The Fossils, Phylogenies, Genomes, Embryos & the Evolution of the Deuterostomes symposium took place at the Natural History Museum in London to honour the work and contributions of the late palaeontologist R.P.S. ‘Dick’ Jefferies. In a field that is often looking to the future, it can be easy to take for granted the work that has come before or to overlook the early iterations of hypotheses we investigate today. This brilliant symposium, featuring speakers working across the scope of deuterostome evolution, was a fitting celebration of the pioneering work carried out by Dick Jefferies.
Joining the British Museum in the 1960s, Dick’s research focused on deuterostome fossils. Although many of his predictions have subsequently been disproved, some of his then-radical ideas have in fact been confirmed by more modern techniques. For example, his perhaps unexpected hypothesis of a clade comprising the tunicates and vertebrates (the Olfactores), has been subsequently supported by molecular data. Modern imaging approaches have also been key to confirming the validity of some of his ideas. A brilliant talk by Imran Rahman showed beautiful high-resolution X-ray scans supporting Jefferies’ idea of gill slits in early echinoderm fossils called the Stylophora. A particularly entertaining talk by Bertrand Lefebvre to round out the day detailed the painstakingly slow fossil sectioning-and-tracing technique employed by Jefferies’ to draw the same hypotheses now reached with very rapid microscopy approaches.
A particular highlight of the symposium was the breadth of research represented in the talks.

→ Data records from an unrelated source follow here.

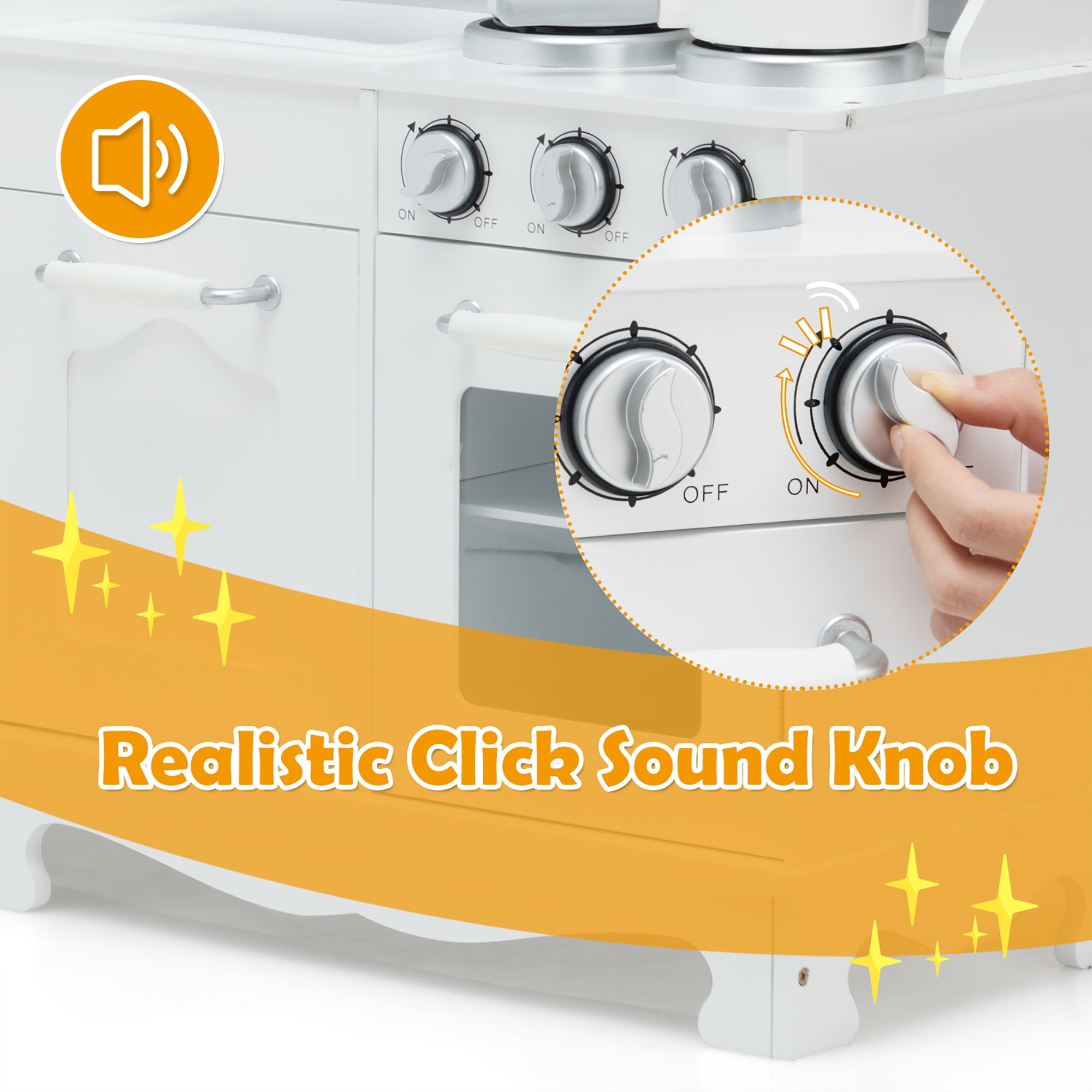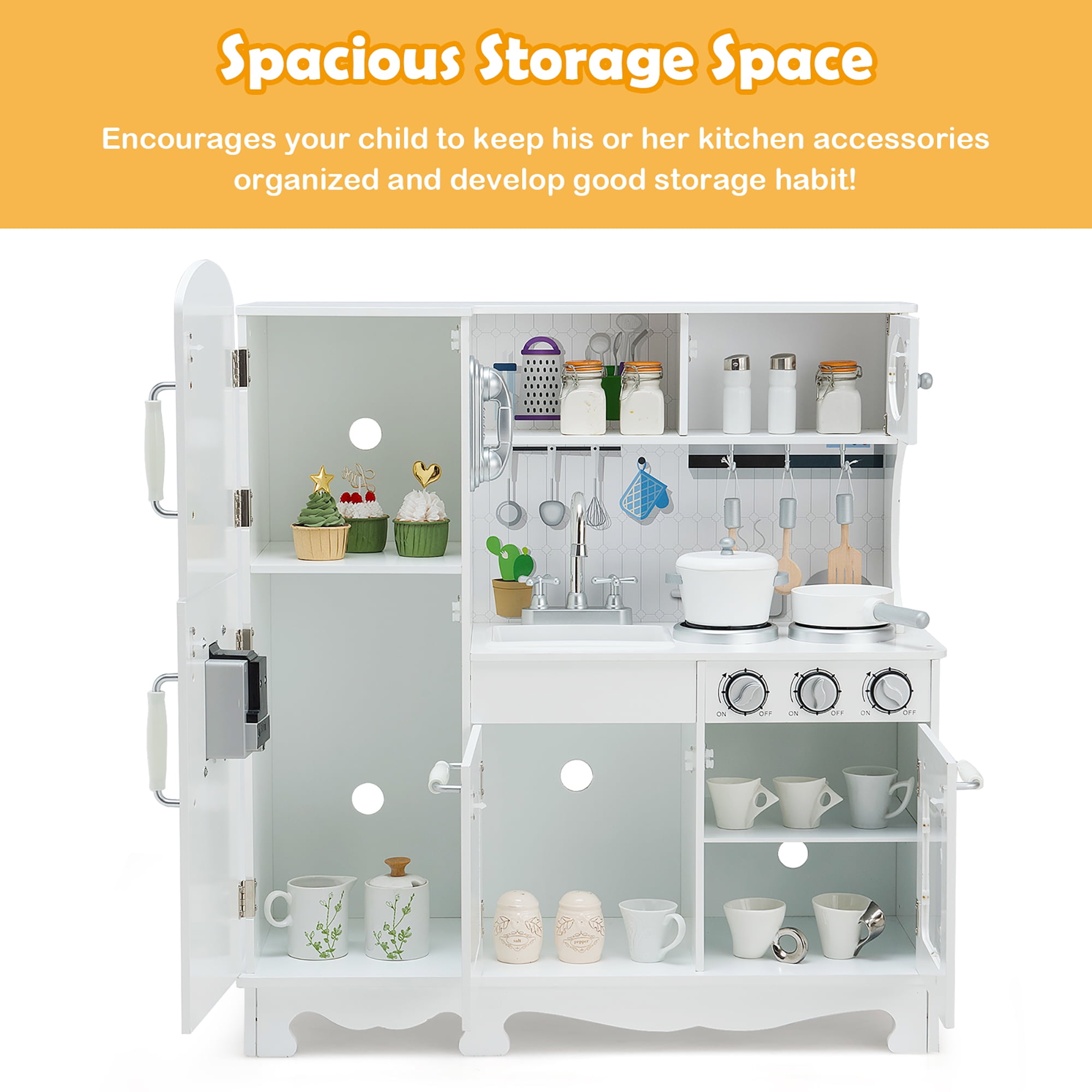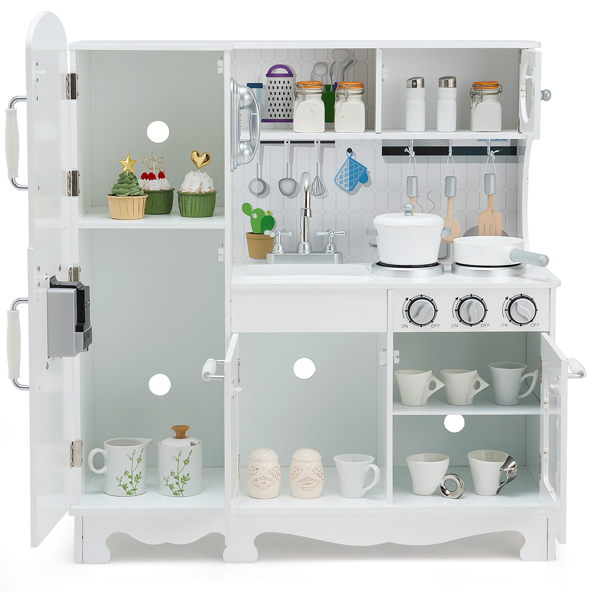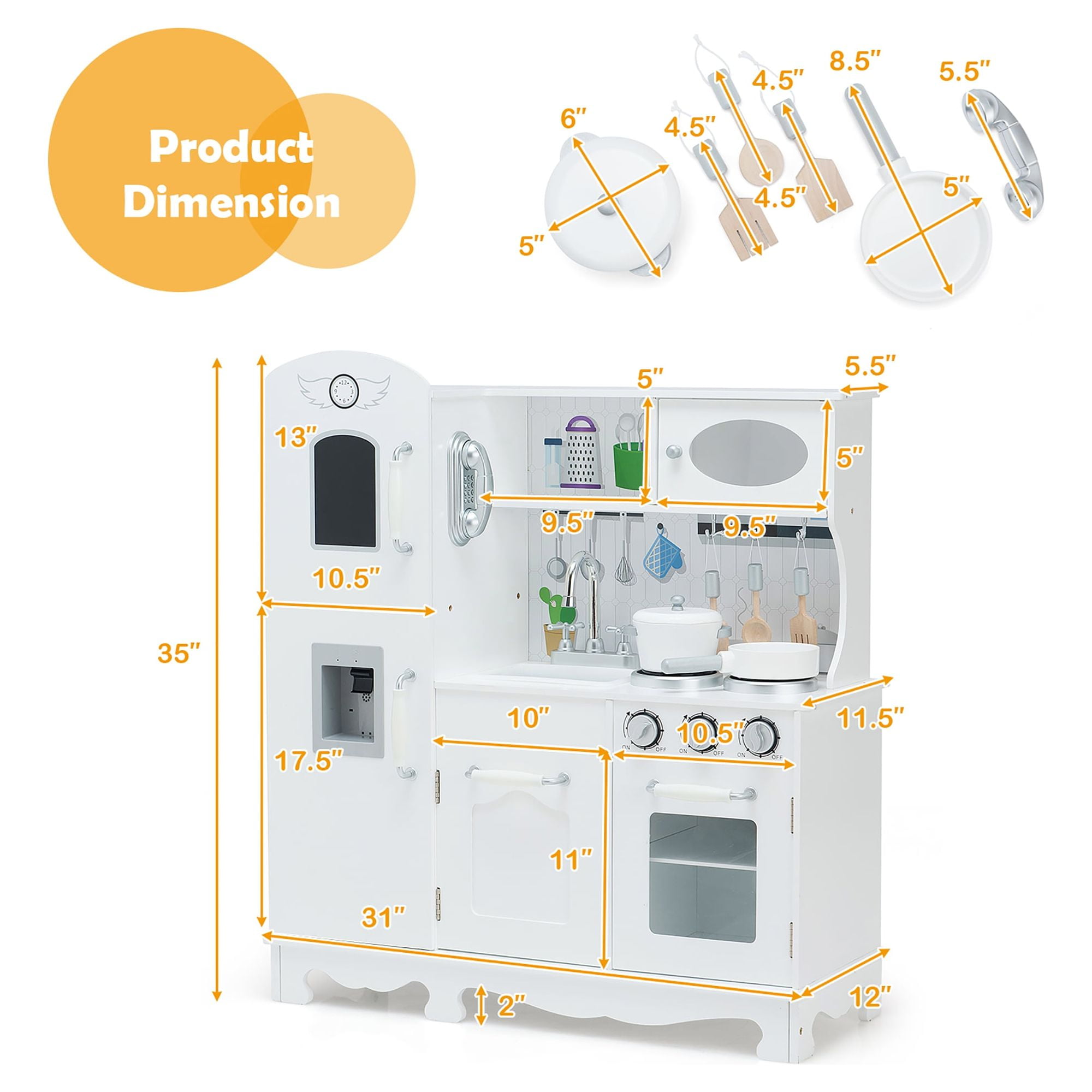 Premium & Safety Materials: Crafted out of high quality MDF boards and premium PP plastic, this pretend play kitchen set is sturdy and sturdy.Plus, with high-quality craftsmanship, the surface is smooth without burr and easy to clean. Realistic Sound & Light Effect: With this Play Kitchen toy set, your kids will enjoy being a little chef, and tasting “delicious food” from your kids. For example, parents can take orders via telephone. Moreover, featuring a water dispenser built in realistic light and sound and a simulated sink, which makes it more fun. Endless Fun with Friends: Having a role-playing game with friends and families allows your children to give full play to their imagination and provide lots of fun. Develop children’s interests and hobbies, exercise hands-on ability, and improve language expression and social skills in games. Meantime, they can also develop good washing & cleaning habits. Complete Kitchen Set: Equipped with most kitchen utensils, such as Phone,Microwave, Oven, Water Dispenser,Pot, and Pan. Spacious open shelves and enclosed cabinets are enough for storing kitchen essentials. Plus, this kitchen play set can be used as an extra locker for books, toys, and groceries when children don’t play it. Therefore, it’s also a good storage solution. Great Gift for Children: This pretend play kitchen set are suitable for any occasion as gift for boys and girls, other children or parents can also join the game, to promote the friendship, parent-child relationship. Choose it as a companion to accompany your kids’ growth. Let them have joyous childhood memories.
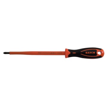 Geisoleerde Bahco schroevendraaier met VDE keurmerk van Bahco voor Phillipsschroeven. Voor het werken onder spanning staande installaties tot 1000V. Twee componenten handgreep met ophanggat en speciaal ontwerp zodat de schroevendraaier niet weg rolt. Gemakkelijke keuze voor de juiste schroevendraaier, vanwege het symbool aan het uiteinde van de handgreep. Verchroomd en geheel gehard. PH 1. Lengte 150 mm.
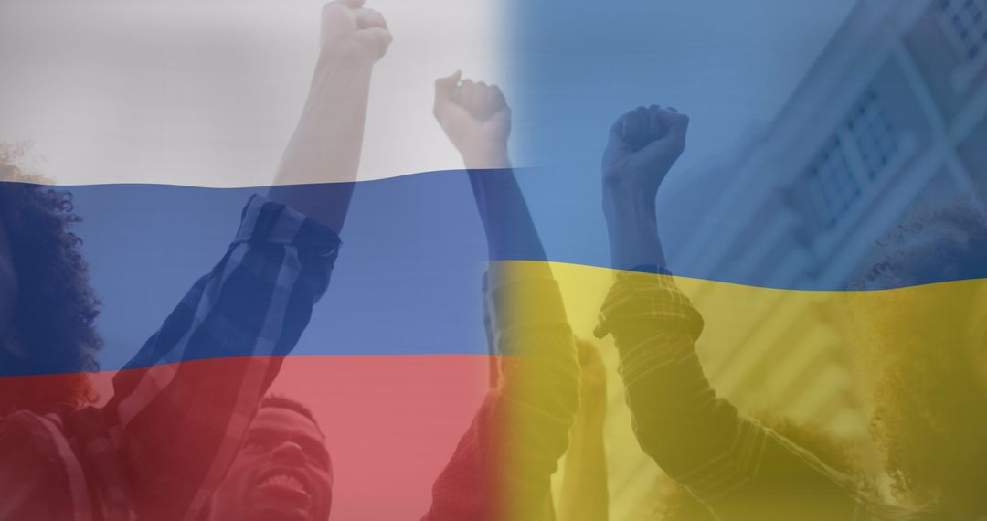 Group of diverse protesters appear beneath the translucent overlay of Ukraine and Russia flags, symbolizing international conflict and political tension. Their raised fists depict activism and the collective struggle for freedom and democracy. Suitable for articles on international relations, political blogs, and social campaigns illustrating global solidarity.
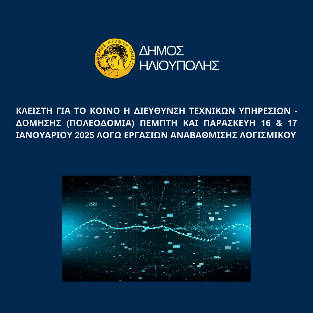 Ο Δήμος Ηλιούπολης με ανακοίνωση του έκανε γνωστό στους Δημότες & Κατοίκους Ηλιούπολης ότι η Διεύθυνση Τεχνικών Υπηρεσιών – Δόμησης (πολεοδομία) θα παραμείνει κλειστή για το κοινό την Πέμπτη και την Παρασκευή 16 & 17 Ιανουαρίου 2025 λόγω εργασιών αναβάθμισης λογισμικού.Διαβάστε επίσης: 24ωρη Διάθεση Θερμαινόμενων Χώρων λόγω έκτακτων καιρικών φαινομένων
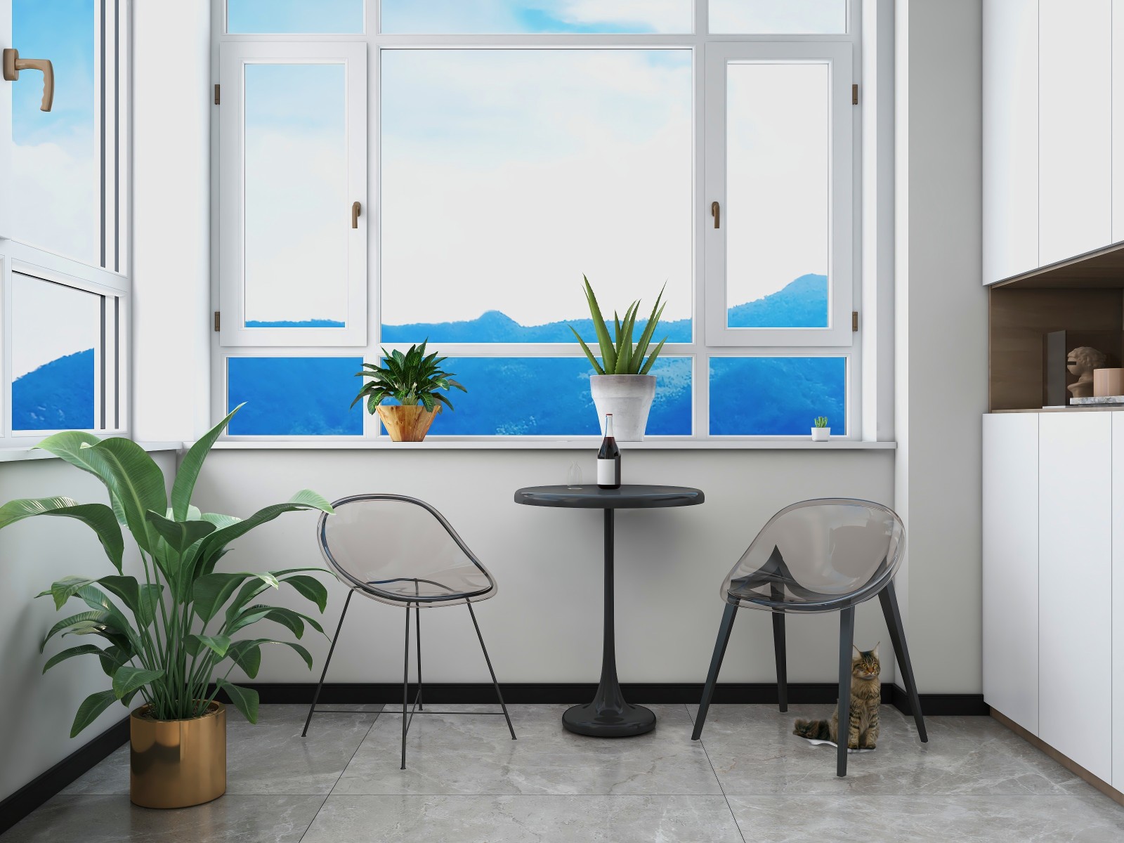 阳台主要功能休闲,晾衣服简单刷乳胶漆就可以,提升空间感
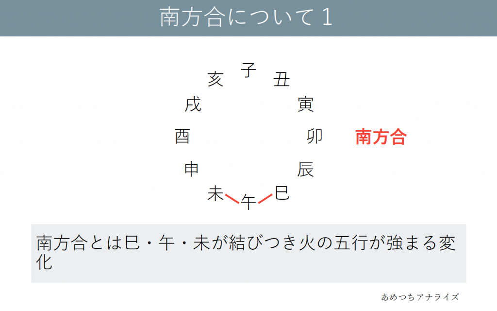 巳・午・未が結びつき火の五行が強まる変化を南方合といいます。
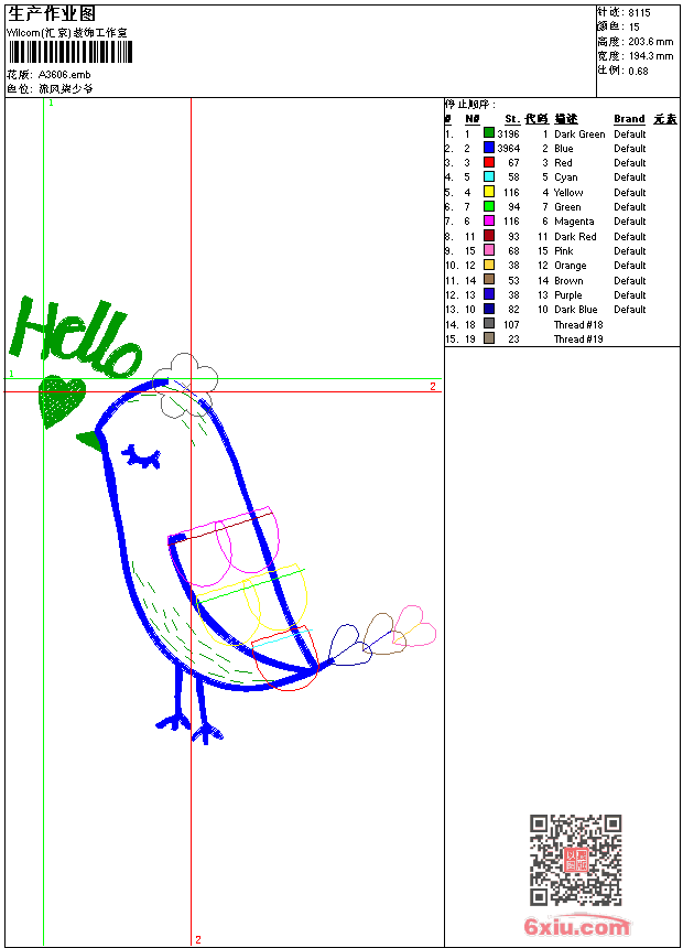 鸟 点此上传花版兑乐绣币/现金 emb花版参数: 大小:63.00 KB / 尺寸:194*204[毫米] / 针数:8115针 / 线色:15 / 格式:emb / 版本:e2 版带文件需绣花软件方可打开,可配色打印导出各种格式或直接上机绣。如无绣花软件可下载1:1模拟效果图。 PNG图片信息:大小:0.1 (MB) /图宽*高:735x771(像素) emb下载 1:1图下载 关闭 相似花版: 童 章标 蜜蜂 章标 蜜蜂 章标 蜜蜂 章标 蜜蜂 章标 章标 章标 蜜蜂 扇子 飞机 飞机 宇宙 靓花 简单花 简单花 简单花 简单花 蝴蝶 上一个花样:蝴蝶 下一个花样:童
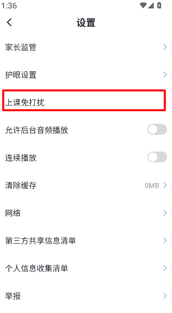 3、在设置列表中找到“上课免打扰”,打开该功能的管理页面。
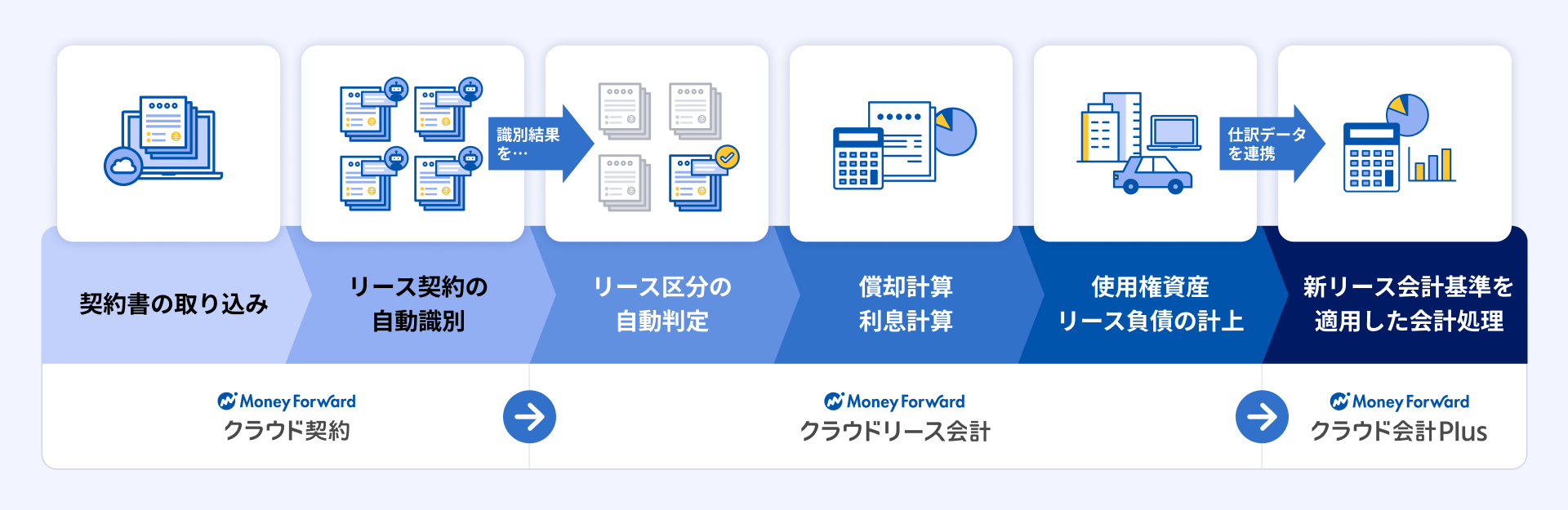 特に、『マネーフォワード クラウド契約』で取り込んだ契約書は、リース契約の識別を経て、『マネーフォワード クラウドリース会計』で判定・償却計算・負債計上まで行います。最終的に仕訳データを『マネーフォワード クラウド会計Plus』に連携することで、新リース会計基準を適用した会計処理をワンストップで実現します。

Trends in developmental biology might sometimes lean towards developmental genetics and -omics, but the ‘evo’ side of evo-devo holds valuable contributions for the field. An excellent talk by Elizabeth Clark detailed the modelling of locomotion from fossil traces, and several talks (Paschalia Kapli, Graham Budd, Rachel Warnock) discussed persistent problems in phylogenetics. It was great to see the representation of such diverse research, and clear that there are still many open questions in the field – some of them pondered by Jefferies himself – remaining to be answered.
The Fossils, Phylogenies, Embryos & the Evolution of the Deuterostomes meeting was held on 12 May. It was supported by The Company of Biologists and The Palaeontological Association and organised by Max Telford, Jeffrey Thompson, Tim Ewin, Tim Littlewood, Greg Edgecombe, and Paul Barrett.